Scheduler Design

Design of RT-XEN 2.x

[We focus on explaining the design of the global EDF/RM schedulers. As to the design of partitioned schedulers, the difference is that each CPU has a RunQ and each CPU only pick VCPUs from its RunQ. The other logics are the same.]

RT-Xen 2.x uses a global RunQ to hold all VCPUs scheduled by the real-time global EDF/RM schedulers.  This RunQ has two parts: the first part has VCPUs with budget sorted by priority; the second part has VCPUs without budget. This RunQ is protected by a spin-lock. Whenever a cpu tries to insert/delete a VCPU from this RunQ, it has to first grab this global RunQ lock. 

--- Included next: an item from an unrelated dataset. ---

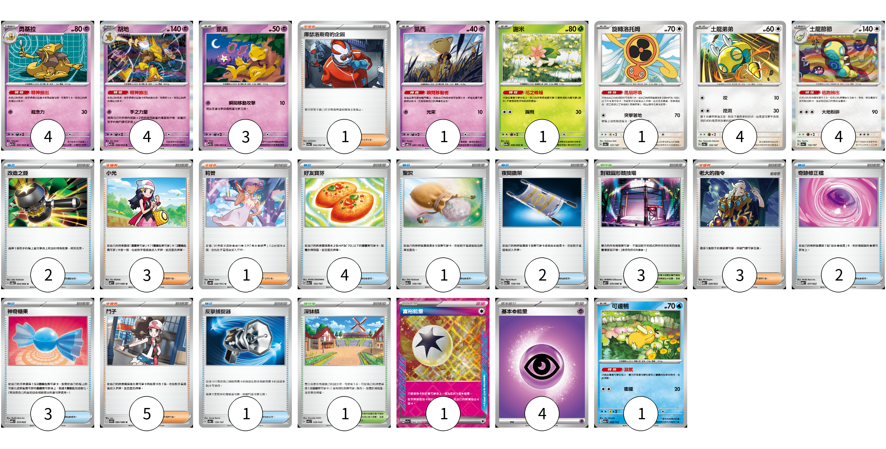 牌組構築方案 以此牌組為基礎新構築牌組 顯示卡面 顯示列表 寶可夢卡(23) 4 4 3 1 1 1 4 4 1 物品卡(15) 2 4 1 2 2 3 1 支援者卡(13) 1 3 1 3 5 競技場卡(4) 3 1 能量卡(5) 1 4 寶可夢卡(23) 卡牌名稱 張數 卡牌名稱 張數 勇基拉 M1S 037/063 04 胡地 M1S 038/063 04 凱西 M1S 036/063 03 凱西 SV6 047/101 01 謝米 SV9a 006/063 01 旋轉洛托姆 SV8a 131/187 01 土龍弟弟 SV8a 129/187 04 土龍節節 SV8a 130/187 04 可達鴨 M2a 032/193 01 物品卡(15) 卡牌名稱 張數 卡牌名稱 張數 改造之錘 SV5a 054/066 02 好友寶芬 M2a 153/193 04 聖灰 M2a 150/193 01 夜間擔架 M2a 159/193 02 奇跡修正檔 MBD 017/022 02 神奇糖果 MBG 013/022 03 反擊捕捉器 SV8a 139/187 01 支援者卡(13) 卡牌名稱 張數 卡牌名稱 張數 庫瑟洛斯奇的企圖 SV6a 062/064 01 小光 M2 077/080 03 莉普 SV4M 066/066 01 老大的指令 MBD 020/022 03 鬥子 SV11W 085/086 05 競技場卡(4) 卡牌名稱 張數 卡牌名稱 張數 對戰圓形競技場 M2 079/080 03 深缽鎮 SVK 039/042 01 能量卡(5) 卡牌名稱 張數 卡牌名稱 張數 富裕能量 SV7a 064/064 01 基本【超】能量 MBD PSY 04 以此牌組為基礎新構築牌組 牌組編碼 qEDwir-LbHamX-uCdkmL copy 列印牌組單 牌組編碼已複製 分享至SNS

How does the scheduler works in general?

Each CPU will call rt_schedule() function every 1ms. This rt_schedule() function does the following things in sequence:

    1) Burn the budget of the current running task on this CPU;

    2) Replenish the budget of all VCPUs in the RunQ; If a VCPU does not need to replenish its budget yet (because its next period has not start), we just skip this VCPU in the budget replenish function.

    3) Pick the highest priority VCPU VP' from RunQ that is feasible on this CPU; If the picked VP'  has higher priority than the current running VCPU VP on this CPU, the scheduler pick the VP' to run on this CPU in the next 1ms and does the context switch between VP' and VP; otherwise,  the scheduler insert VP' back and let the current VP continue running on this CPU in the next 1ms. 

A VCPU has two categories of CPU masks:

    a) CPU mask: the CPU mask this VCPU should run on, which is assigned by using "xl vcpu-pin" command; and 

    b) CPU Pool mask: the CPU mask of the CPU Pool in which the domain of this VCPU is assigned, which is assigned by using "xl cpupool-migrate" command. (If you are not familiar with CPU Pool in Xen, you can just assume VCPUs do not have this CPU Pool mask because this mask marks all CPUs available to each VCPU by default.)

A feasible CPU for a VCPU has its index in the set of {CPU mask & CPU Pool mask}. 

An available CPU for a VCPU is a feasible CPU which is idle or has a lower-priority task running on it now.

What happens when an interrupt is raised?

When an interrupt is raised on a VCPU VP_i, the scheduler will do the following operations in sequence:

    a) Insert this VCPU VP_i into the RunQ and sort the RunQ;

    b) Pick the first VCPU VP_j (highest priority VCPU) in the RunQ; (VP_j may or may not be VP_i.)

    c) Find an feasible CPU to run this highest priority VCPU VP_j. If several CPUs are available, the preference is as follows: Idle CPU where this VP_j was running > Idle CPU where this VP_j was not running > CPU where a lower priority VCPU is running.

Design of RT-XEN 1.x

We assume that every guest OS is equipped with one virtual CPU (VCPU), and are all pinned on one specific physical CPU (PCPU). In DS, PES, and POS, each VCPU has three parameters: budget, period, and priority. SS requires each VCPU to record two more parameters: status, and the total amount of budget consumed since the last execution.

Every PCPU is equipped with three queues: a Run Queue (RunQ), a Ready Queue (RdyQ), and a Replenishment Queue (RepQ). The RunQ and RdyQ are used to store active VCPUs (the guest OS is not paused). The RunQ holds VCPUs that have tasks to run (regardless of budget), sorted according to priority. Every time do_schedule is triggered, it inserts the currently running VCPU back into the RunQ or RdyQ, then picks the highest priority VCPU with a positive budget from the RunQ, and runs it for one quantum (we choose the quantum to be 1 ms). The RdyQ holds VCPUs that have no task to run, but may still have budgets. It is used for PES, e.g, when a VCPU A goes to the RdyQ and still has budget, if the current running VCPU has lower priority than A, A's budget needs to be consumed as well.

The RepQ stores replenishment information for all the VCPUs on the specific PCPU. Every element in RepQ contains three parameters: the VCPU to replenish, the replenishment time, and the replenishment amount. At each scheduling quantum, the RepQ is checked and any current replenishment is performed. If the VCPU replenished has higher priority than the current running one, an interrupt is also raised to trigger the do_schedule function which performs the context switch. For DS, PES, and POS, the RepQ is independent of the VCPU's actual execution: every VCPU receives a replenishment with a fixed period. For SS, insertion into the RepQ is dynamically decided by the status of the VCPU.